Primó en el partido el orden y la contención sobre las alegrías ofensivas. Algunas de estas últimas, con todo, hubo en un encuentro de alternancias en la posesión y las ocasiones. Inevitable con la presencia sobre el césped de futbolistas tan talentosos como Parejo, capaz de hacer un maravilloso caño rebasada la primera media hora, o Carrasco, autor de un eslalon en el área valencianista que no acabó en gol porque el belga se pasó de virguero. Pecado en el que reincide en demasía el ex del Mónaco, cuyo talento podría elevarle a mayores cotas de rehabilitarse de su excesiva tendencia al adorno.

Aunque la mejor ocasión la tuvo en sus botas Vietto, un delantero siempre bajo sospecha desde su aterrizaje en la capital y que necesita reivindicarse contra el reloj, antes de que la apertura del mercado de invierno y la posible llegada de Diego Costa le obliguen a buscarse las castañas en otro lugar. Al argentino le llegó el balón a pase de Thomas dentro del área después de que Kondogbia cometiese uno de los pocos errores de bulto del primer tiempo, rápidamente penalizado por el siempre atento Correa, pero el disparo tras reverso del ariete, que volvió a repetir junto a su compatriota en la punta como ante la U.D. Las Palmas, se marchó alto.

Pólvora mojada

Fue Correa el que mayores quebraderos de cabeza le causó a la zaga local. Determinado a aprovechar los minutos que Simeone le está dando en ausencia de Griezmann, el habilidoso delantero supo aprovechar la zona entre las dos líneas de cuatro con que se armaba en defensa el cuadro de Marcelino, que se desgañitaba demandando a sus futbolistas que achicasen espacios.
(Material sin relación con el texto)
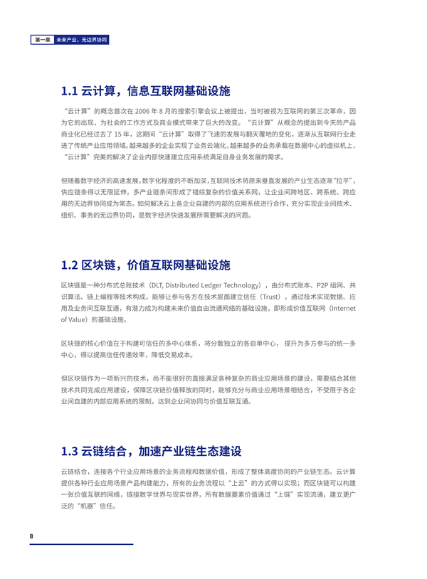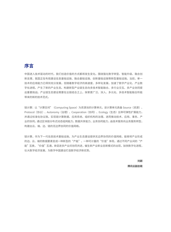 白皮书聚焦于构建下一代信息技术基础设施“链计算”,通过云计算与区块链的结合,构建信任价值网络,实现数据、应用、业务、生态的无边界协同,并形成网络型基础设施,获取巨大的规模效应、网络效应和溢出效应。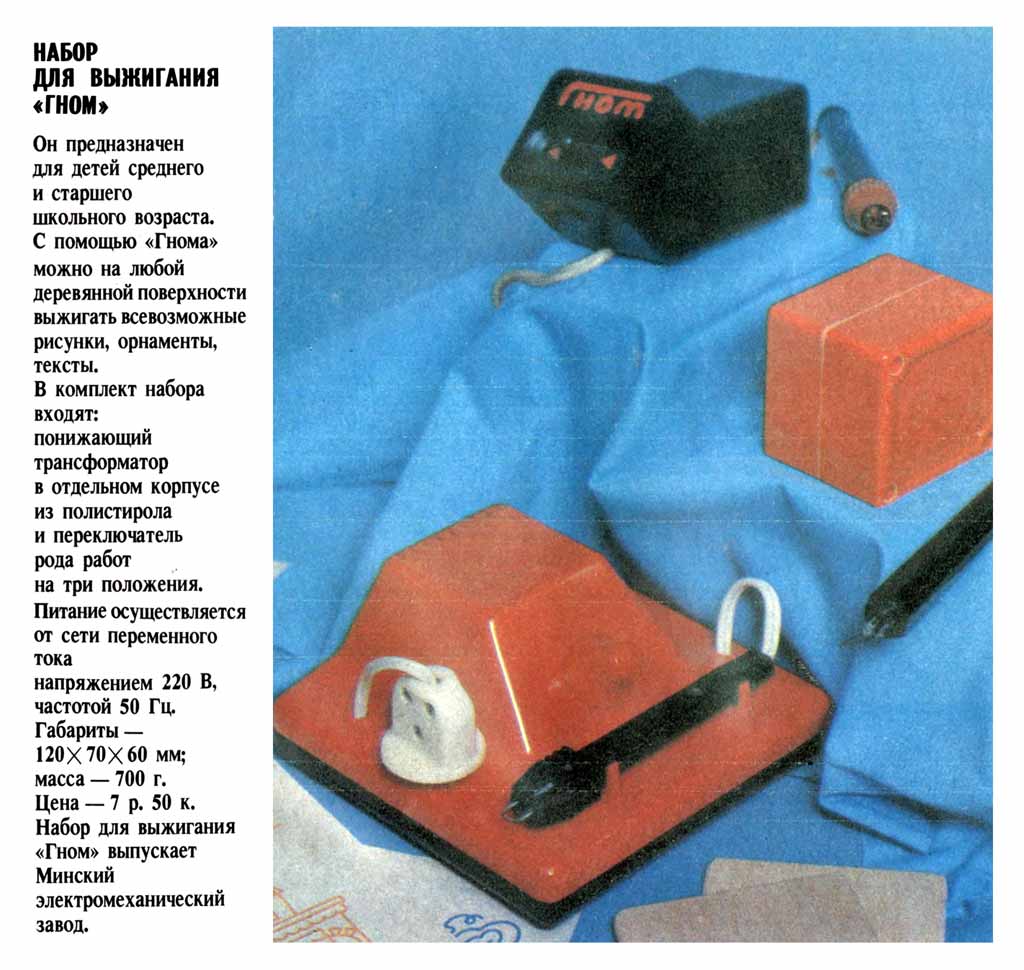 Набор для выжигания "Гном" выпускался предположительно с 1976 года "Минский электромеханический завод". Набор предназначен для выжигания переводных рисунков на гладкой деревянной поверхности.

Había optado el técnico de Villaviciosa por dar carrete de entrada a dos de sus flamantes incorporaciones veraniegas, Gabriel y Andreas Pereira. Inclusión la de este último que desmontó la dupla Lato-Gayà que tan buenos resultados le dio al preparador asturiano en el Bernabéu pero que permitió ver buenos detalles del centrocampista prestado por el Manchester United antes de que su entrenador le reemplazase por otro de los nuevos y más deseados, Guedes. Apenas un minuto antes de que saltase el portugués lo había hecho Gaitán por Carrasco. Y a punto estuvo el extremo argentino de pescar en la primera que tuvo. Sacó bien la mano Neto, que volvió a mostrarse tan sólido como en el Bernabéu.

Simeone, que veía cómo el dominio de la pelota y el mayor número de aproximaciones al área no se traducía en gol, cambió de pareja de ataque, retirando a Vietto y Correa para perseguirlo mediante la velocidad de Gameiro y el oficio de Torres. La búsqueda de un fútbol más directo por parte del Atlético permitió al Valencia crecer, espoleado por una afición a la que le gusta lo que ve tras las penurias del pasado curso. El Atlético, que había merecido más, pudo pagar la falta de acierto en el correcalles final a medida que las fuerzas se escapaban por mor de la tremenda exigencia del choque. Le sostuvo entonces su renovada zaga –tres caras nuevas respecto a la jornada anterior- y especialmente un Lucas Hernández que estuvo especialmente contundente en su regreso al eje de la retaguardia.